● Data section
☆ ☆ ☆ ☆ ☆

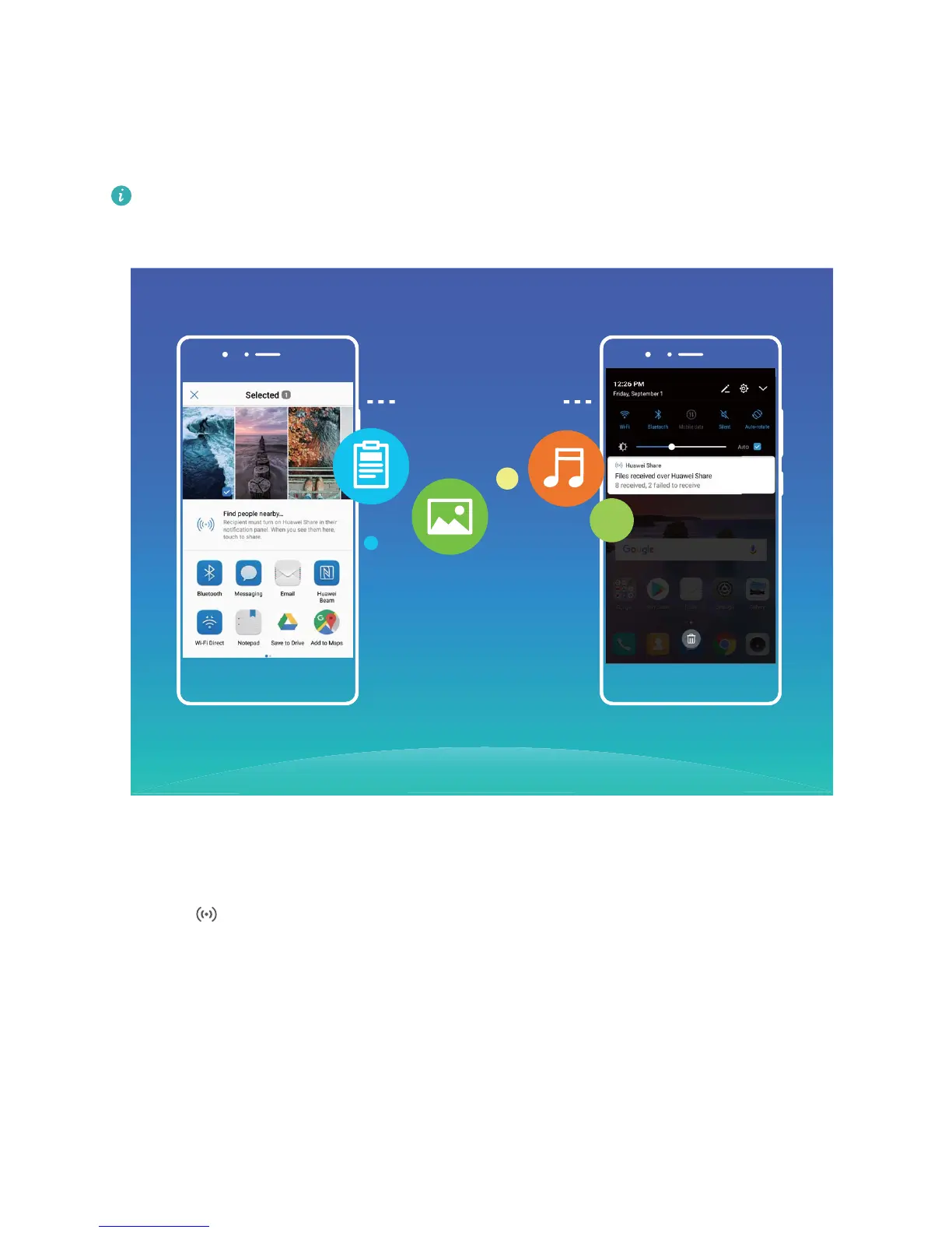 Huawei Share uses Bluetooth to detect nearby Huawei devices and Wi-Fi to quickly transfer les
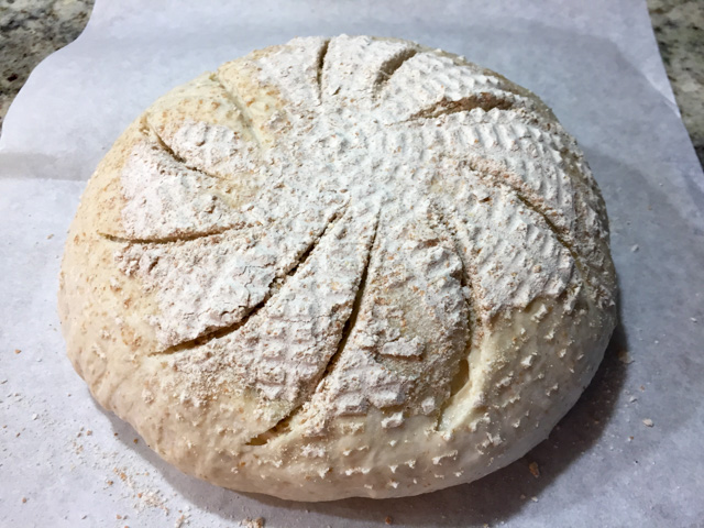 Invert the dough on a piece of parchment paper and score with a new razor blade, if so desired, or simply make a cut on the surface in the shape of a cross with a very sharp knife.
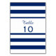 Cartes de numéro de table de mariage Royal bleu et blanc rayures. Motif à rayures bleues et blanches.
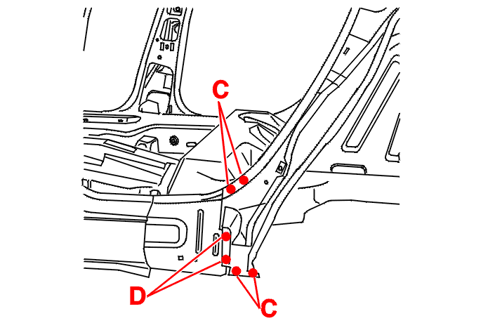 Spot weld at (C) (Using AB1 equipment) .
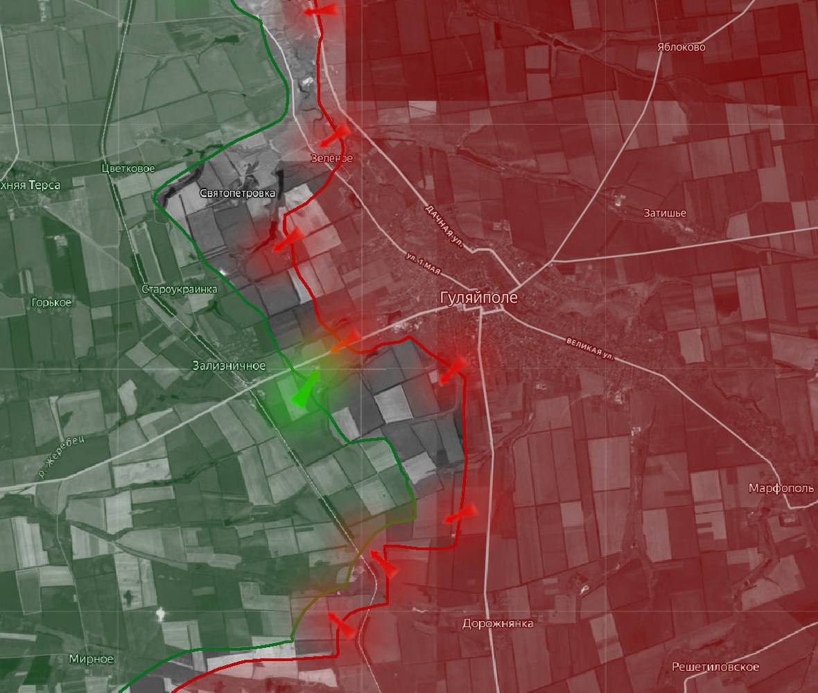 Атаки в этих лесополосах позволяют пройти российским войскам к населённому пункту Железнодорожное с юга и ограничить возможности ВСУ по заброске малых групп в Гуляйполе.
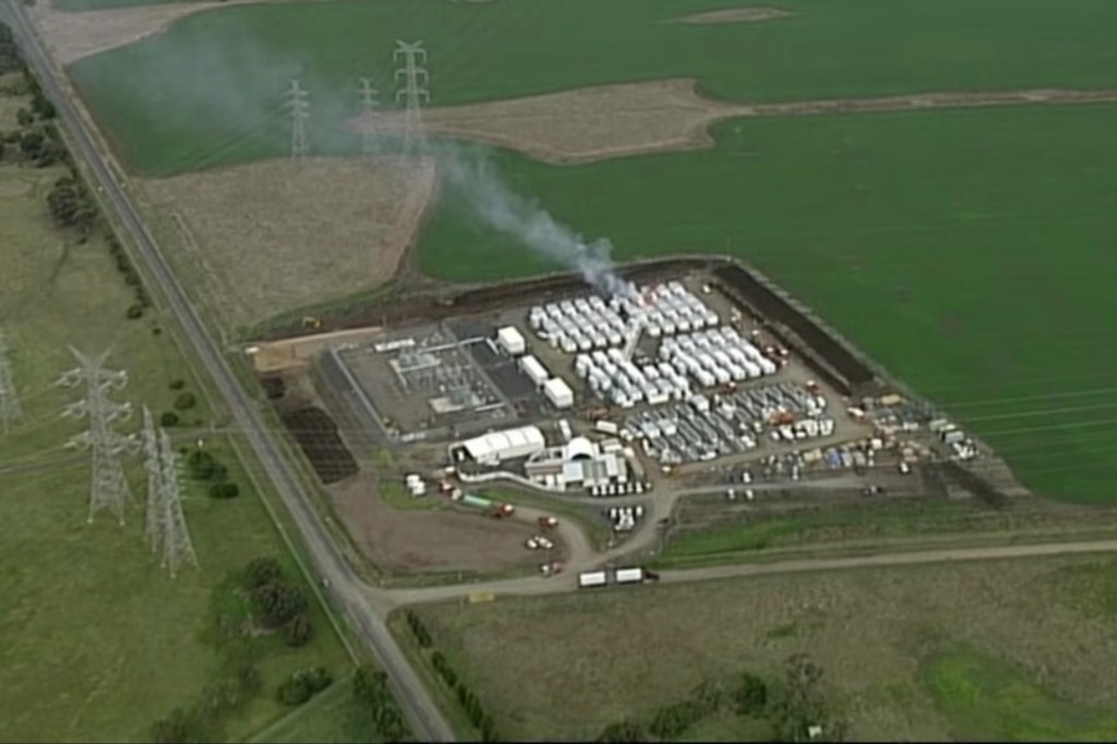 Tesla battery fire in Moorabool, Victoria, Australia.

☆ ☆ ☆ ☆ ☆

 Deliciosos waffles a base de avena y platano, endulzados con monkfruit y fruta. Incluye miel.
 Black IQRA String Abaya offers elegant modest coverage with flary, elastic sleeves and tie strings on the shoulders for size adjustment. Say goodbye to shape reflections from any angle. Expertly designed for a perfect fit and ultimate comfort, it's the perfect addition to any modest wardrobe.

☆ ☆ ☆ ☆ ☆

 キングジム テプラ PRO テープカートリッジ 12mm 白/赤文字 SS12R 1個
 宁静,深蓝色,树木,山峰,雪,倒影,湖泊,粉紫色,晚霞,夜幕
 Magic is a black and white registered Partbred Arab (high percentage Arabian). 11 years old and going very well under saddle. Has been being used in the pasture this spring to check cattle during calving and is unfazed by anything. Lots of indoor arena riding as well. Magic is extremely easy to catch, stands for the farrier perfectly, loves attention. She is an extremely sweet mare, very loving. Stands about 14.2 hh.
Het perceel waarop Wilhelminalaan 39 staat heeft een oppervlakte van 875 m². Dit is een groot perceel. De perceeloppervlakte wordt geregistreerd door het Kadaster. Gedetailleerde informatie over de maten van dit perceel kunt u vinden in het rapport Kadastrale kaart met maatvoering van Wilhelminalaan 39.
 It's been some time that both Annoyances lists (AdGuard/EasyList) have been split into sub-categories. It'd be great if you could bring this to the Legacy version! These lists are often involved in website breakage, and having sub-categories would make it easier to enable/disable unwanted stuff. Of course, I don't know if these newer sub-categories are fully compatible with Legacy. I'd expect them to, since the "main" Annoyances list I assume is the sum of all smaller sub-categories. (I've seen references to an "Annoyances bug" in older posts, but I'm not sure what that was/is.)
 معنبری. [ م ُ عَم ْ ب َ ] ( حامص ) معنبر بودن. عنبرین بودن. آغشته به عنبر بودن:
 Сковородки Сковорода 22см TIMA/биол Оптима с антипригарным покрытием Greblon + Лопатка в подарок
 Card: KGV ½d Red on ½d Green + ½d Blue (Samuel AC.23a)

☆ ☆ ☆ ☆ ☆

In the data above, find the line that contains "キングジム テプラ PRO テープカートリッジ 12mm 白/赤文字 SS12R 1個" and the line that contains "宁静,深蓝色,树木,山峰,雪,倒影,湖泊,粉紫色,晚霞,夜幕". Repeat exactly those lines and every line between them, and only those.

 キングジム テプラ PRO テープカートリッジ 12mm 白/赤文字 SS12R 1個
 宁静,深蓝色,树木,山峰,雪,倒影,湖泊,粉紫色,晚霞,夜幕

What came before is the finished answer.